In the United States, we hold on to terrific myths about the power of the individual. We celebrate (mostly) entrepreneurs like Elon Musk who bring us new technologies and cool cars and we have magazines focused entirely on major business leaders whose insight and innovation power our most successful companies. We believe that individuals hold the power to change the world, and we believe that giving people freedom will lead to rational decisions on the part of individuals to find the best outcome for our country.
An idea that pops out of this myth is the idea of voting with our feet. The term refers to people making a decision to go someplace else, to chose something else and to literally move ourselves with our feet to a different option. We might vote with our feet when we move from one city to another, or when we leave one store to shop at another, or quite literally in some state caucuses when we walk from one side of a room to another to support a different political candidate.
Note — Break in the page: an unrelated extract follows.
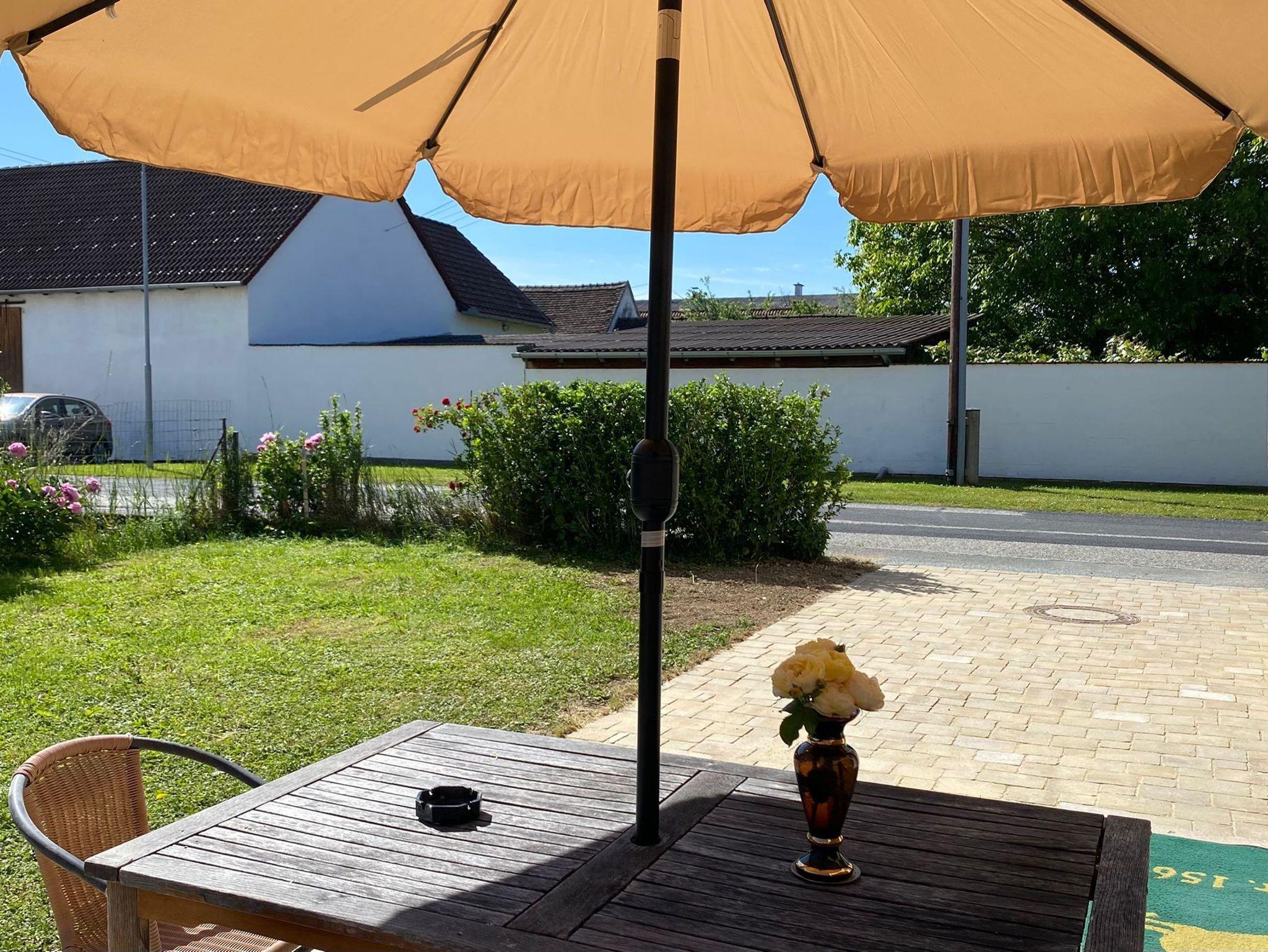 Die Ferienwohnung hat eine eigene Zufahrt, einen eigenen Eingang und einen Autoabstellplatz am Grundstück. Vor dem Eingang der Ferienwohnung können Sie im Schatten ruhen oder in der Wiese picknicken. Auch ein kleines Plantschbecken mit Sonnenschirm wird bei Bedarf bereitstehen.

We believe that our individual choices and where we chose to shop and how we chose to vote will really make a difference in the world.
This is only partially true, and only sometimes has the positive outcomes we hope for. In many instances however, our individual choices are just not enough to overcome structural factors which entrench the status quo. Sometimes we vote with our feet, but really move from one option provided by a company to another, without really making a difference in the bottom line of the company we are voting against with our feet (think of moving from Facebook to Instagram, which is still owned by Facebook). Voting with our feet can also have very negative consequences, such as entrenching segregation without having anyone to blame.
In The Complacent Class Tyler Cowen writes about the ways in which our society is becoming more segregated through the use of voting with our feet. Across the country we see people move into “nicer” neighborhoods which creates a level of economic, racial, and political segregation that should raise moral concerns. About the issue Cowen writes, “The self-selection process is running its course, and how people are voting with their feet often differs from which is coming out of their mouths.”
Many people who believe that schools and communities should be more diverse are moving to areas with less diversity. They are not consciously choosing to live in more segregated areas, but they are voting with their feet to leave areas of worse economic condition but greater diversity in favor of more economically sound and culturally homogeneous regions. Sometimes the goal is to move into a more wealthy neighborhood, sometimes the goal is to move to reduce a work commute, and sometimes the goal is to move to be closer to a better school. Often the results are neighborhoods with more similar people in terms of race, income/wealth, and cultural values and backgrounds, ultimately, more segregation.
This process is playing out because we empower the individual in our society and don’t want to do anything to limit the power of the individual’s choice. Segregation is a result of the power to vote with our feet, but it is also the dismantlement of the myth of the individual. The rational individual is not making individual choices that make the world a better place. Instead, the individual is working on feelings that lead to a desire for greater similarity between themselves and their neighbors, ultimately creating a worsening system of segregation. We should learn from this example that our individual choices are both not sufficient to bring about the best outcomes for our society and planet, and that simultaneously our individual choices can have a serious negative outcomes when left unchecked. We must think first about the systems that structure our decisions, and then think about how we can make the most of our choices for positive, rather than negative outcomes.